* Study material *
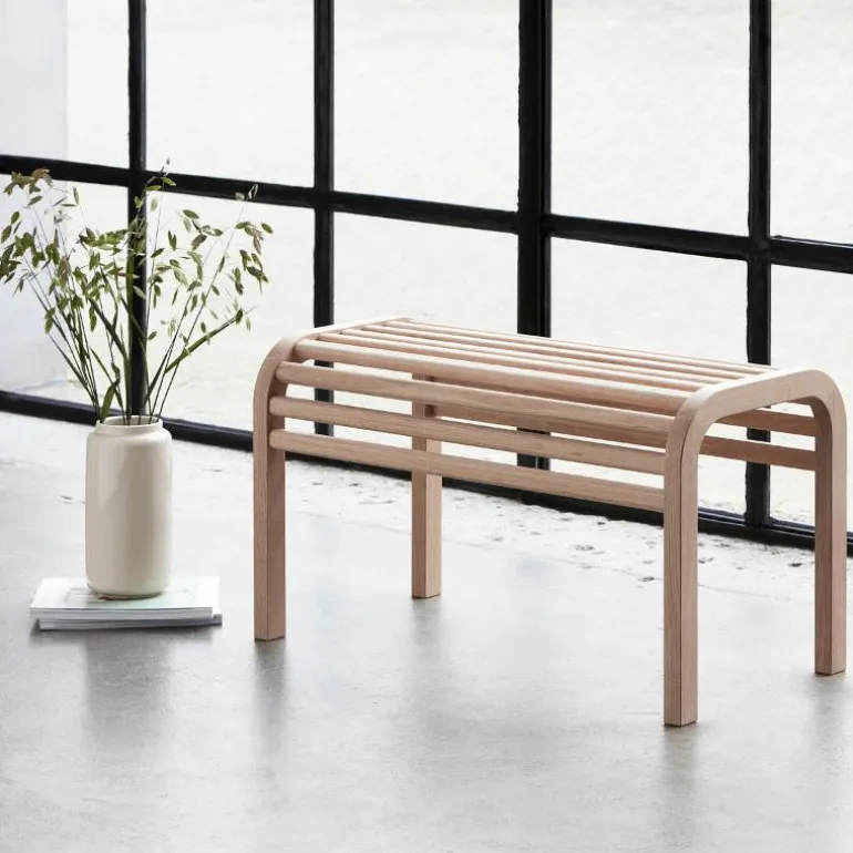 Andersen natur benk er en elegant og stilrent benk. Benken har et iøynefallende og skulpturelt design som passer inn i moderne hjem. Benken er produsert i 100% eik og kan stå fint i en gang, kjøkken eller et soverrom.
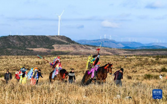 2月7日,龍裡太平花燈戲的成員前往村子附近的山頂練習花燈戲。
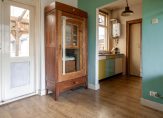 De keuken is klein en voorzien van een eenvoudig keukenblok inclusief servieskast.
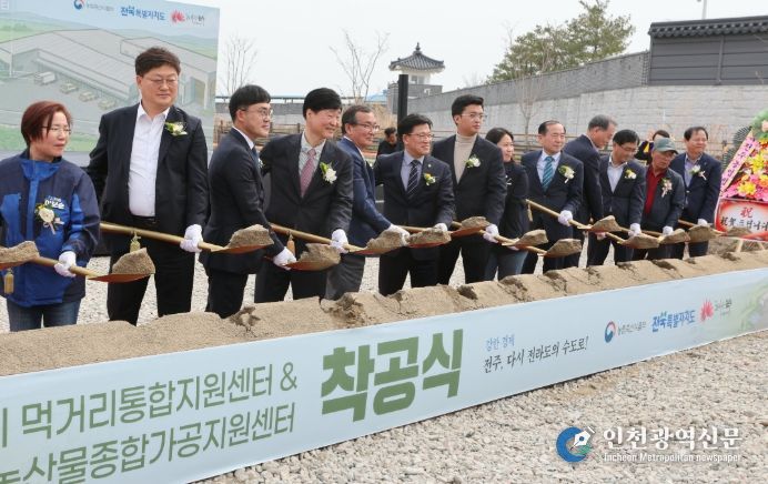 전주시는 3일 도도동 건립 부지에서 윤동욱 전주시장 권한대행 부시장과 전주시의원, 농업인 단체 및 유관기관 관계자, 지역주민 등 등 200여 명이 참석한 가운데 먹거리 선순환 체계 구축의 핵심 거점이 될 ‘전주시 먹거리통합지원센터’와 ‘전주시 농산물종합가공지원센터’의 공동 착공식을 가졌다.
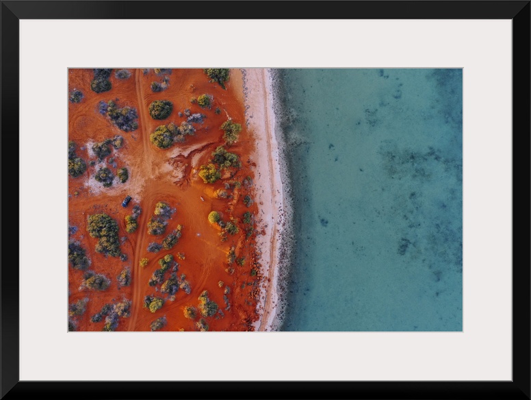 <p>Aerial Image Of Red Western Australian Mainland Contrasiting With Turquoise Water</p>

* Problem requirements *
Please repeat all of the data exactly, excluding images.

* Task result *
 Andersen natur benk er en elegant og stilrent benk. Benken har et iøynefallende og skulpturelt design som passer inn i moderne hjem. Benken er produsert i 100% eik og kan stå fint i en gang, kjøkken eller et soverrom.
 2月7日,龍裡太平花燈戲的成員前往村子附近的山頂練習花燈戲。
 De keuken is klein en voorzien van een eenvoudig keukenblok inclusief servieskast.
 전주시는 3일 도도동 건립 부지에서 윤동욱 전주시장 권한대행 부시장과 전주시의원, 농업인 단체 및 유관기관 관계자, 지역주민 등 등 200여 명이 참석한 가운데 먹거리 선순환 체계 구축의 핵심 거점이 될 ‘전주시 먹거리통합지원센터’와 ‘전주시 농산물종합가공지원센터’의 공동 착공식을 가졌다.
 <p>Aerial Image Of Red Western Australian Mainland Contrasiting With Turquoise Water</p>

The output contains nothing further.